Exercise: Retype word for word the line containing "Η πολυβιταμίνη Sustenium" and each line that follows it in the records below, through the last one, with no pictures.

(Stored data entries)

-*-

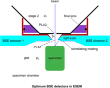 Despite the above developments, devoted BSE detectors in the ESEM have played an important role, since the BSE remain a most useful detection mode yielding information not possible to obtain with SE. The conventional BSE detection means have been adapted to operate in the gaseous conditions of the ESEM. The BSE having a high energy are self-propelled to the corresponding detector without significant obstruction by the gas molecules. Already, annular or quadrant solid-state detectors have been employed for this purpose but their geometry is not easily adaptable to the requirements of ESEM for optimum operation. As a result, no much use has been reported of these detectors on genuine ESEM instruments at high pressure. The "Robinson" BSE detector[38] is tuned for operation up to around 100 Pa at the usual working distance of conventional SEM for the suppression of specimen charging, whilst electron collection at the short working distance and high pressure conditions make it inadequate for the ESEM. However, plastic scintillating materials being easily adaptable have been used for BSE and made to measure according to the strictest requirements of the system. Such work culminated in the use of a pair of wedge-shaped detectors saddling a conical PLA1 and abutting to its rim, so that the dead detection space is reduced to a minimum, as shown in the accompanying figure of optimum BSE detectors.[14] The photon conduction is also optimized by the geometry of the light pipes, whilst the pair of symmetrical detectors allow the separation of topography (signal subtraction) and atomic number contrast (signal addition) of the specimen surface to be displayed with the best ever signal-to-noise-ratio. This scheme has further allowed the use of color by superimposing various signals in a meaningful way.[39] These simple but special detectors became possible in the conditions of ESEM, since bare plastic does not charge by the BSE. However, a very fine wire mesh with appropriate spacing has been proposed[40] as a GDD when gas is present and to conduct negative charge away from the plastic detectors when the gas is pumped out, towards a universal ESEM. Furthermore, since the associated electronics involve a photomultiplier with a wide frequency response, true TV scanning rates are readily available. This is an essential attribute to maintain with an ESEM that enables the examination of processes in situ in real time. In comparison, no such imaging has been reported with the electron avalanche mode of the GDD yet.
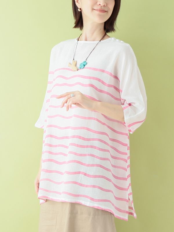 【30%OFF】ピンク2点限り/手描きボーダープリント チュニック
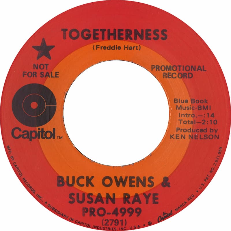 Within their shared catalogue, “Togetherness” fits alongside other Buck Owens–Susan Raye collaborations such as “We’re Gonna Get Together” and “The Great White Horse.” These records were an important part of how Owens presented himself at the time: not just as a solo star, but as the anchor of a broader Bakersfield stable that included Raye and other Buckaroos. Radio programmers treated the duets as distinct entries, and “Togetherness” earned its own country-chart run, giving the pair another presence on playlists alongside Owens’ solo singles.
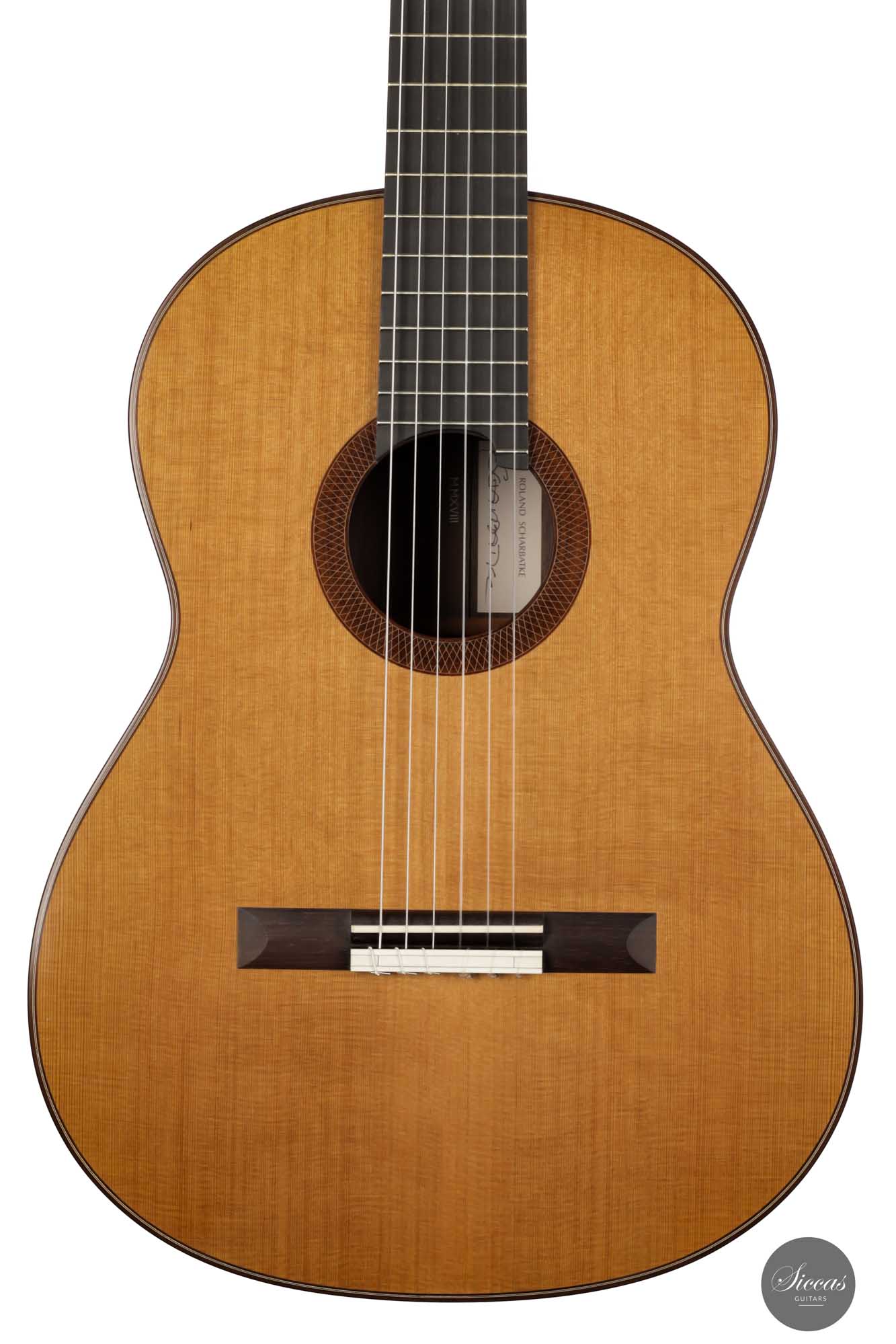 Roland Scharbatke baut seine Gitarren ausschließlich nach höchsten handwerklichen und ästhetischen Ansprüchen, Purismus ist sein Markenzeichen. Sein Sinn für Ästhetik drückt sich in der gesamten Gitarre aus, insbesondere in der Rosette und der Kopfplatte. Fasziniert vom japanischen Stilempfinden, den klaren Linien und der Schlichtheit, baut Roland Scharbatke seine Gitarren kompromisslos als Musikinstrument und Kunstwerk zugleich.
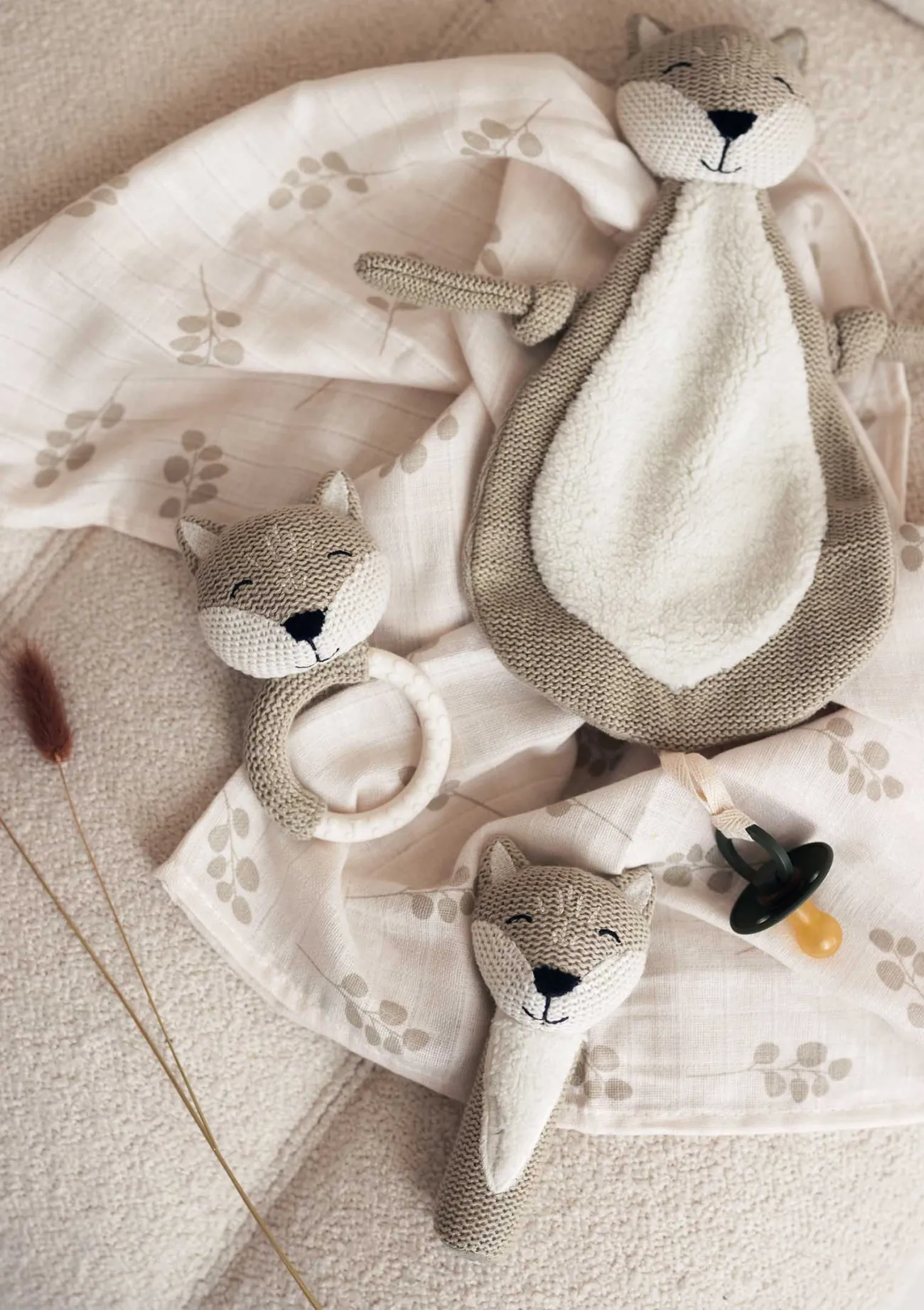 Niedliche Hilfe, wenn die ersten Zähnchen drücken: Der Beißring in süßem Fuchs-Design lindert die Schmerzen. Und wenn die Zähne gerade keine Probleme machen, ist er auch ein tolles Greif-Spielzeug! Im gestrickten Teil ist ein kleines Glöckchen versteckt und regt die Feinmotorik deines Babys an. Auch ein tolles Geschenk zur Geburt! Welches ist dein Lieblingstier?
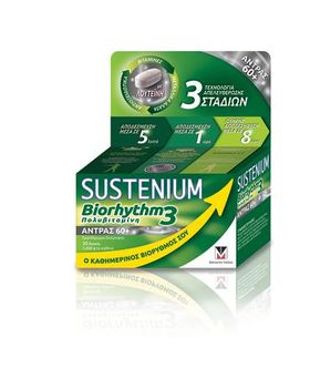 Η πολυβιταμίνη Sustenium Biorhythm 3 Άντρας 60+ διαθέτει τεχνολογία απελευθέρωσης των συστατικών σε 3 στάδια:
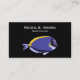 Marine biologist business card template with image of a Powder Blue Tang fish and text layout you can customize online. Designed for business card themes related to marine biology, biologist, tropical fish, aquarium maintenance, installation, and aquarium services.
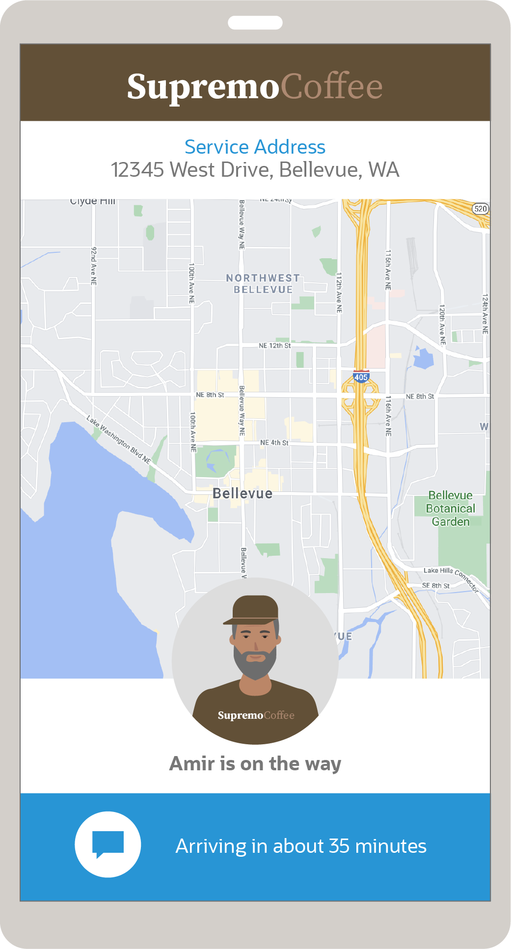 As the appointment nears, Sofia receives another message with a link to view and track Amir, the Supremo Coffee service team member, on the way to her home.

-*-

Answer to this task:
 Η πολυβιταμίνη Sustenium Biorhythm 3 Άντρας 60+ διαθέτει τεχνολογία απελευθέρωσης των συστατικών σε 3 στάδια:
 Marine biologist business card template with image of a Powder Blue Tang fish and text layout you can customize online. Designed for business card themes related to marine biology, biologist, tropical fish, aquarium maintenance, installation, and aquarium services.
 As the appointment nears, Sofia receives another message with a link to view and track Amir, the Supremo Coffee service team member, on the way to her home.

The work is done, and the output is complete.